Work instruction =>
Copy the lines below exactly, starting at the one with "This white cotton" and ending at the one with "今年,上海高考因疫情延期至7", and leave out any picture.

Exercise material =>
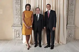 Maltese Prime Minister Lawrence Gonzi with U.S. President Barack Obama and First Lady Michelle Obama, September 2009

* * *

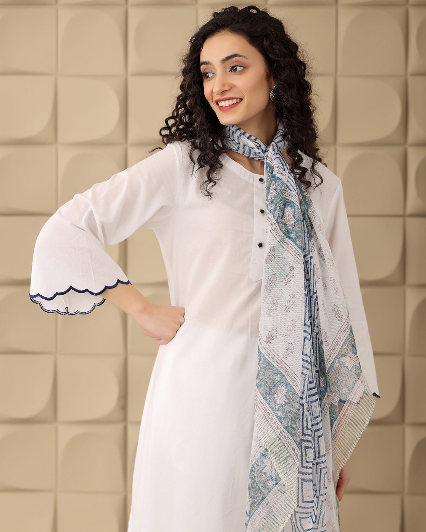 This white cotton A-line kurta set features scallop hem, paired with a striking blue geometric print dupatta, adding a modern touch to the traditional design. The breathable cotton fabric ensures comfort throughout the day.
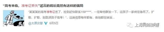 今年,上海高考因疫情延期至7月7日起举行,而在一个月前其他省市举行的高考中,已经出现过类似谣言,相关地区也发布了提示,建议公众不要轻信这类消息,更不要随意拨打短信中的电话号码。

Solution to this problem =>
 This white cotton A-line kurta set features scallop hem, paired with a striking blue geometric print dupatta, adding a modern touch to the traditional design. The breathable cotton fabric ensures comfort throughout the day.
 今年,上海高考因疫情延期至7月7日起举行,而在一个月前其他省市举行的高考中,已经出现过类似谣言,相关地区也发布了提示,建议公众不要轻信这类消息,更不要随意拨打短信中的电话号码。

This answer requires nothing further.